Kevin Behr, a 25-year veteran Wildlife Investigator, was shot......it was written correctly in article if you read it and pay attn to punctuation..


----------



## Smitty82 (Mar 13, 2011)

You are right we are wrong. I read it wrong too. Good grief.


----------



## King-Fish (Oct 18, 2019)

Those commas will get you  All the same the dudes are douchebags and deserve whatever punishment they get


----------



## TomC (Aug 14, 2007)

they are being charged with attempted murder. One was a farmer, one a retired montgomery co sheriffs deputy who took a medical due to eye sight and the other worked for a school district. THe one had a shotgun, one was carrying a crossbow and not sure on the third one. They were after these guys for three years. Farmer called in the poaching complaint which is how it all started.


----------



## Fish-N-Fool (Apr 12, 2004)

Poaching deer, not having permits and licenses, etc. are wildlife crimes that are bad enough, but escalating into willingly shooting any person (let alone an officer) is an entirely different situation.

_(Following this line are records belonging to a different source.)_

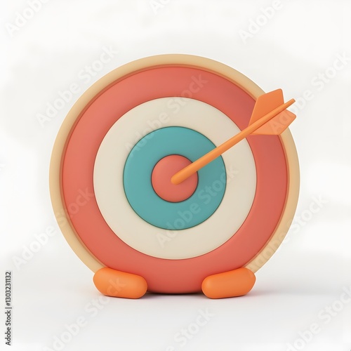 Cute and Minimalist 3D Archery Target Icon with Arrow in the Center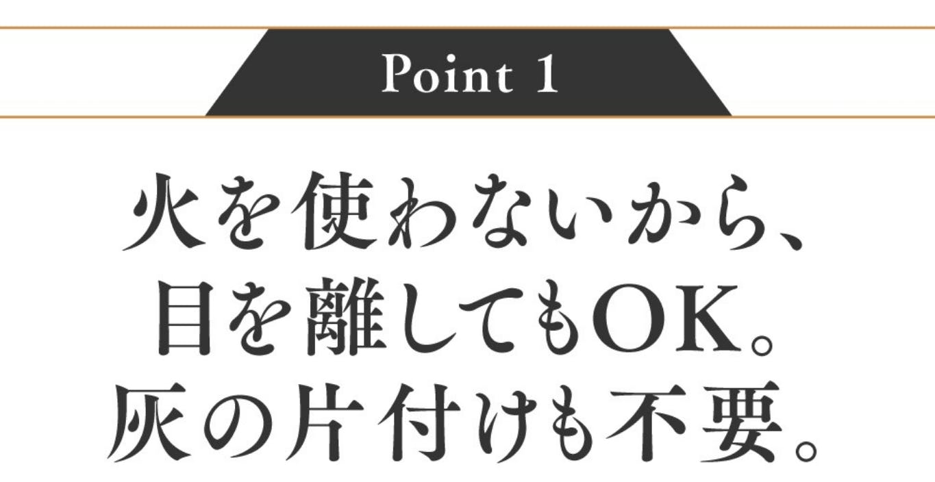 Orbby なら、いつでも電源オン・オフができて、三段階の温度調整機能付き。火を使わないから、灰などの片付けのわずらわしさからも解放されます。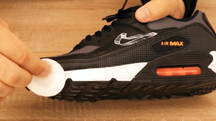 Что же делать? Мыть, скрести щеткой, стирать в стиральной машине? Нет! Есть способ лучше. Обычная жидкость для снятия лака. Трудно поверить с какой лёгкостью она удаляет загрязнения со светлых кроссовок. Достаточно взять ватный диск и нанести на него это чудо-средство. Лёгкими движениями, осторожно втирать его в загрязнения и вся грязь исчезнет. Кроссовки снова белые, как будто они новые.
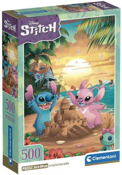 Disney Lilo és Stitch, A csillagkutya puzzle 500 db-os Clementoni Mérete: 36x49 cm Doboz mérete: 34.4 x 25.4 x 4.6 cm - kiváló minőség - poszter mellékelve - 10 éves kortól ajánlott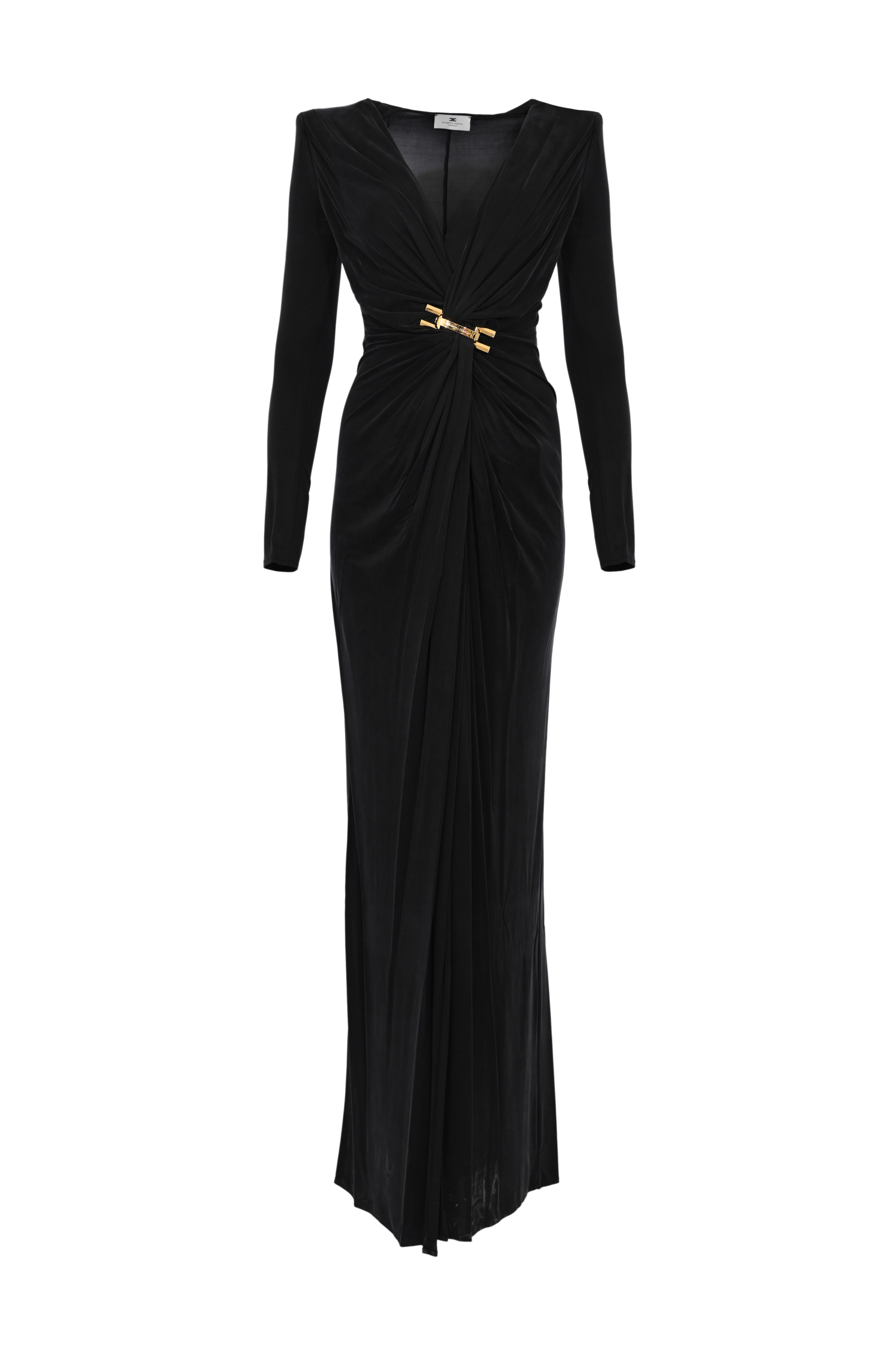 Abito Red Carpet in jersey cupro con logo gioiello Nero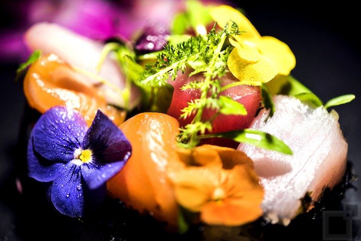 Als Amuse Bouche servierte Mun ein Crispy Rice Bällchen mit spicy Yellow Fin Tuna. Ein Feuerwerk der Aromen und Texturen gleich zu Beginn. Wir waren begeistert! Anschließend das Sushi – Tunfisch, Lachs und Gelbschwanzmakrele – so frisch und delikat, wie wir es in München bisher selten bekommen haben. Gefolgt von einer kleinen Überraschung aus der Küche: Hamachi Sashimi mit Ponzusauce und essbare Blüten. Klare Aromen, perfekt aufeinander abgestimmt. Modern Korean Style.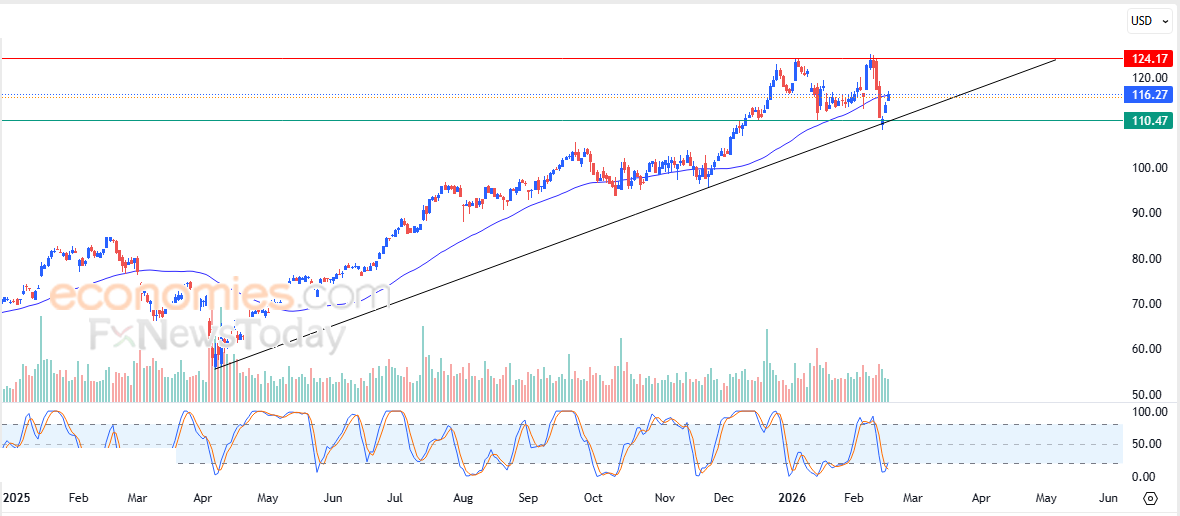Pertanto prevediamo che il prezzo delle azioni aumenterà durante le prossime sessioni di negoziazione, a patto che il supporto a 110,50 $ rimanga intatto, puntando al livello di resistenza chiave a 124,20 $.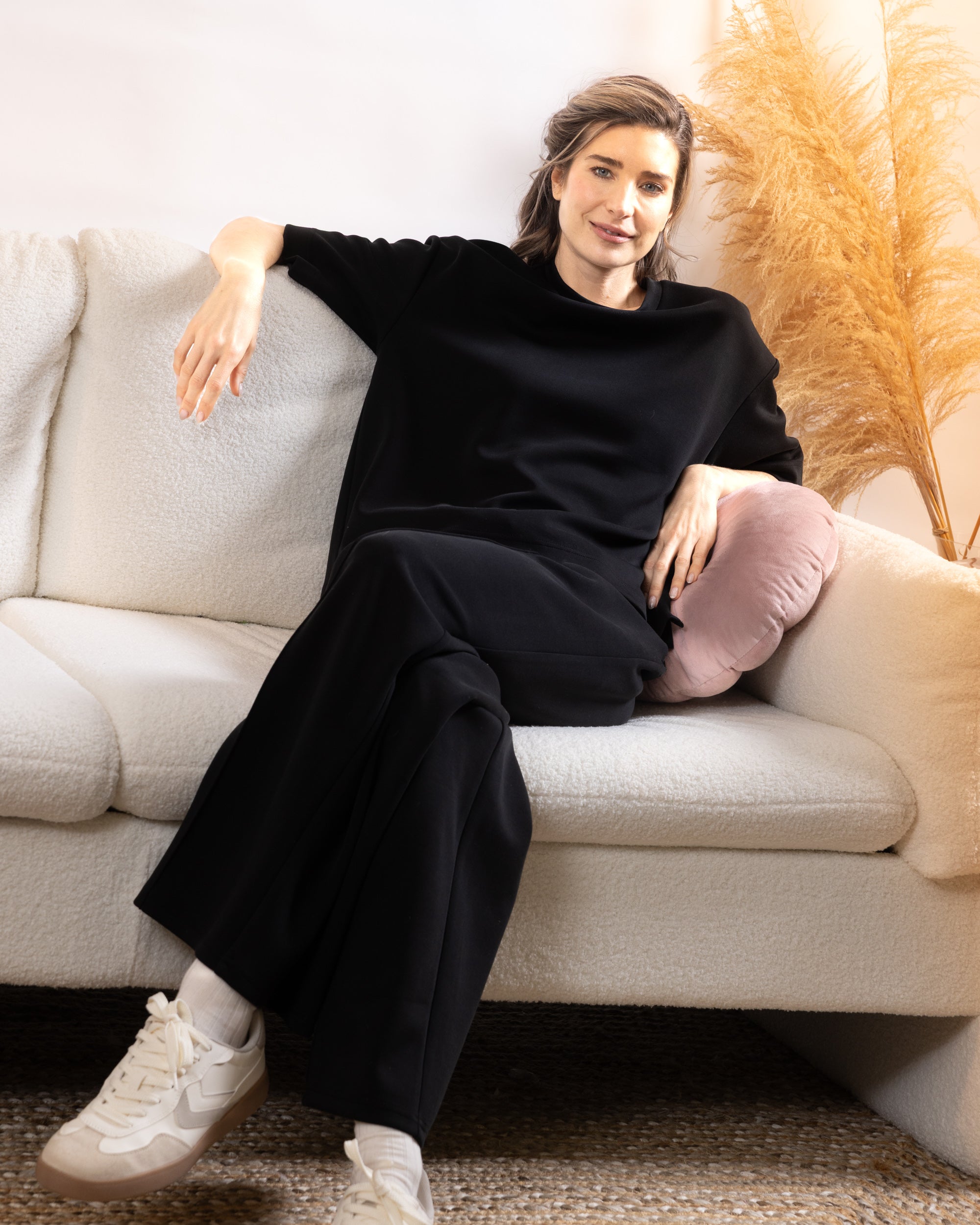 Snuggz Premium Black Sandwash Scuba Wide Leg Joggers

Even this rag tag group wouldn't be locked up in prison for life for these charges. We all know how it works - other than fines /loss of license and what not they mostly get off very easy unless there is some 165 inch buck in the conversation which just costs them more money. I read cuffs and collars and the state fines you $500 for a deer because that is all the value they place on them unless it is a poached trophy buck. That huge poaching ring they nailed a few years back that had killed over 50 some bucks, were selling meat, etc. - the worst of those guys did 6 months of jail and he had drugs in the home also! 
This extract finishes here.